Kinetic studies on the hydrogen peroxide elimination by cultured PC12 cells: rate limitation by glucose-6-phosphate dehydrogenase.

Abstract Oxidative stress is implicated in the pathogenesis of neurodegenerative disorders and brain ischemia, and hydrogen peroxide (H 2 O 2 ) plays a central role in the stress. In this study, we have examined the kinetics of H 2 O 2 elimination by PC12 cells as a neuronal model in connection with the enzyme activities supporting the reaction. Similarly to other cell lines previously studied, H 2 O 2 removal kinetics could be divided into two reactions: one apparently following the Michaelis–Menten kinetics (GSH-dependent reaction) and the other following the first-order kinetics (mainly catalyzed by catalase). Based on the enzyme activities in the cell homogenate, it was inferred that glucose-6-phosphate dehydrogenase (G6PD) is the rate-limiting enzyme in the GSH- and NADPH-dependent H 2 O 2 elimination by PC12 cells.

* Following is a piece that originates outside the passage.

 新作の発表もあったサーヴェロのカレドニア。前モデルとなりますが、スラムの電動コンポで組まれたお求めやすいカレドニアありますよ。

This is in contrast with fibroblasts and endothelial cells previously examined, in which glutathione reductase (GR) is rate-limiting in the reaction sequence. Treatment of PC12 cells with nerve growth factor increased G6PD activity in the cell homogenate and H 2 O 2 removal activity of the whole cells, with a concomitant increase in the resistance against H 2 O 2 toxicity. These results suggest the importance of G6PD in the antioxidant function of brain and pathogenesis of the oxidative stress-related diseases.